Hello.. I need some clarification on the matter "bay" and "bey". I know that bay is an older word for "sir" and that it goes before the name, eg. Bay Ahmet. From the other hand "Ahmet Bey" is also right? So, can I use both as equally correct expressions? 
(a friend told me that "bay" is only used for non-Turkish names, like "Bay James". Is this true?)


----------



## coss

Hello..When you're speaking, you should use Ahmet Bey.. Bay Ahmet is not common. If you're writing a formal letter, you can use Bay with name and family name together. Like Mr. John Brown, like Bay Ahmet Tekin..
Yes it is true that in the past, Bay+name was used for the non-Turkish names, but I don't hear it much nowadays.


----------



## Black4blue

No it'n not true. As I know *bay* and *bayan* (for females) is the same as *Mr.* and *Mrs.* . I guess they are borrowed from another language but I don't know which one. *Bey* and *Hanım* are older languages in Turkish.
So you can say _Ahmet Bey_, but I'm not sure about _Bay Ahmet_; because *Bay* normally takes surnames like _English *Mr*_.

Yeah, I need more clarification too


----------



## wordofdamocles

thank you both very much. I think it is clearer, but let us indeed wait for more clarifications if anyone else knows more about it


----------



## Rallino

*Bay* and *Bayan*, as mentioned above, can only be used with surnames. So if someone's name is _Ahmet Yılmaz_, you can say:

*Ahmet Bey*
or
*Bay Yılmaz*

Notice that their initial letters are capital and that in the latter case, it comes before the name.

*However*, although "Bey" and "Hanım" are very often used everyday, the other couple "Bay" and "Bayan" are _absurdly formal_ for any spoken situation. So much that it sounds unnatural. They are sometimes used at the beginnings of formal letters, or invitation cards, such as:

_Sayın Bay Yılmaz (Dear Sir Yılmaz)_...


Also, in dubbed movies, when a kid is calling an adult man, one can often encounter conversations starting with the weird vocative: _Bayım! Bakar mısınız?_ This is a non-standard conversation in Turkish. No one, and I mean no one would say that. We always use: *Beyefendi* and *Hanımefendi*, the latter is usually contracted to _Hanfendi_ in spoken language.
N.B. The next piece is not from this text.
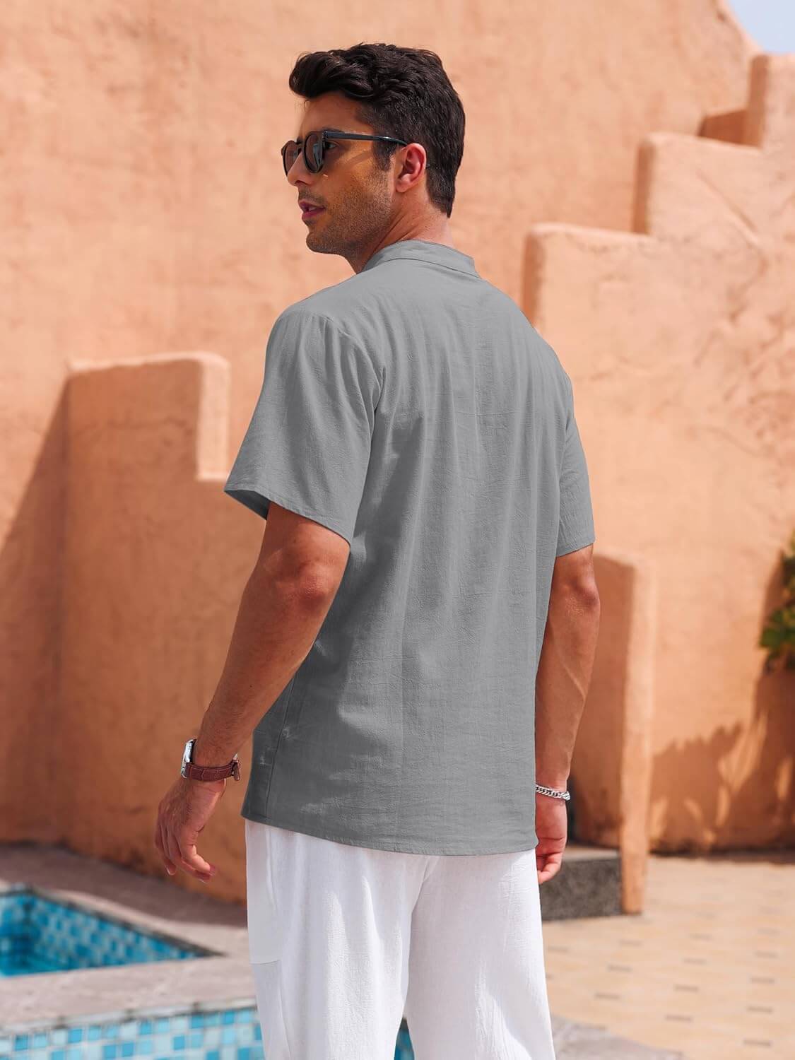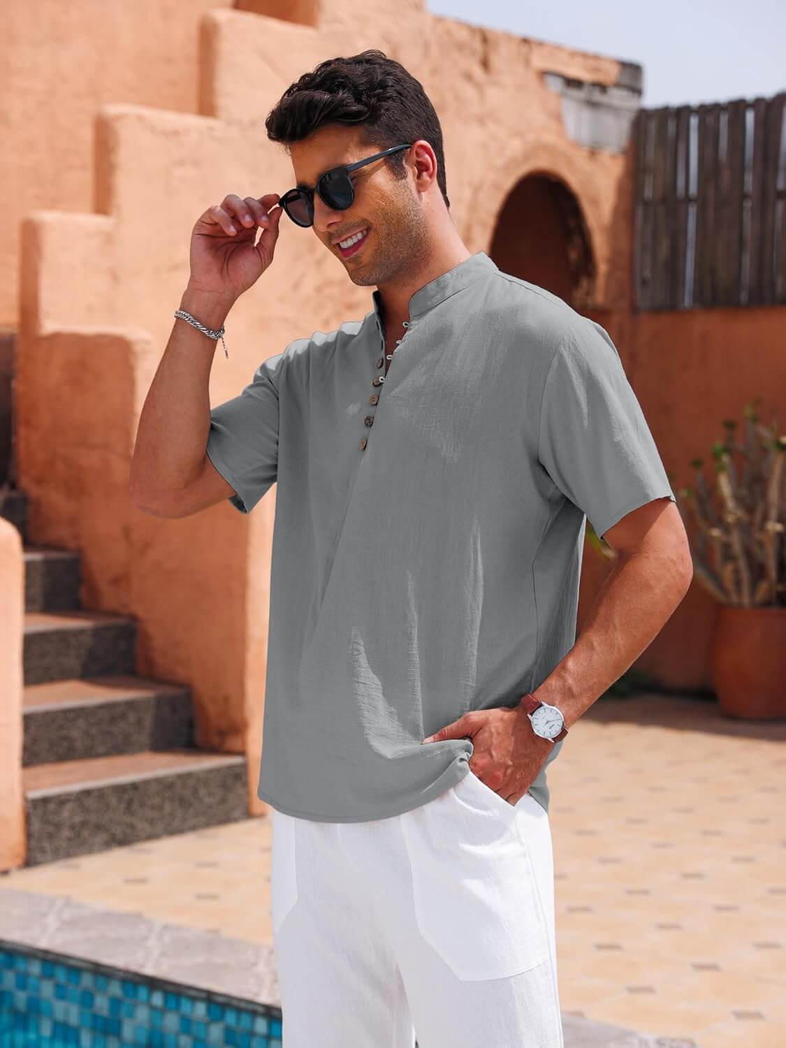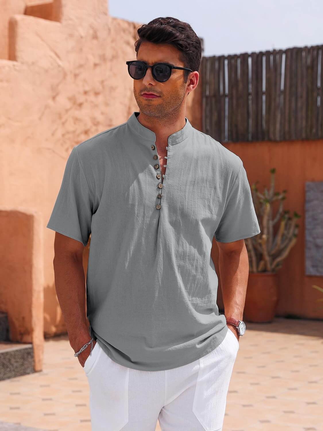 قميص رجالي عصري من Shein باللون الرمادي، يتميز بياقة صينية أنيقة وأزرار أمامية تضيف لمسة كلاسيكية مميزة. مصنوع من قماش قطني خفيف وناعم يوفر الراحة والتهوية في الأجواء الحارة، مع تصميم نصف كم يمنح حرية حركة مثالية لإطلالة كاجوال أنيقة تناسب الخروجات اليومية أو العطلات الصيفية.

> (a friend told me that "bay" is only used for non-Turkish names, like "Bay James". Is this true?)




English and American people are hesitant to give their first names in the first meetings, therefore if, say, an American introduces himself with his last name, then he might, later on, be called: _Bay James.

_However, Turkish or not, with first names, we still most often use Bey, and by "we",  I mean at my work place, we use it. Such as: Frédéric Bey, Michael Bey, Alessia Hanım, Catia Hanım ....
 
​


----------



## wordofdamocles

you couldn't have been more helpful  my friend now it is crystal clear, thank u very much for all the information!


----------



## er targyn

Are bayan and sayın new words?


----------



## wordofdamocles

er targyn said:


> Are bayan and sayın new words?



'bayan' is the same with 'hanım' but a bit older as far as I understand, while sayın is sth equivalent to 'respectful'(formal).


----------



## er targyn

Both words are loans from Mongolic, maybe via other Turkic language.


----------



## linusbey

er targyn said:


> Are bayan and sayın new words?



The first recorded instance of the word "bayan" is in a 1934 issue of a history periodical, according to Sevan Nişanyan. It's an invented word, like "bay". Bay was a derivation of the more traditional word "bey". "-an" has never been used as a feminine suffix at any period of Turkic languages, but they've done it, so there you go.

As for "sayın", it also fills a similar purpose. During the time of the language reforms, they found the word in a Chatagai dictionary written by Pavet Courteille and decided to put it into use. It was first used in a Turkish pocket dictionary in 1935, so it's quite new.


----------



## er targyn

Thanks. Btw, bay is a Turkic word, which means rich, noble, husband.


----------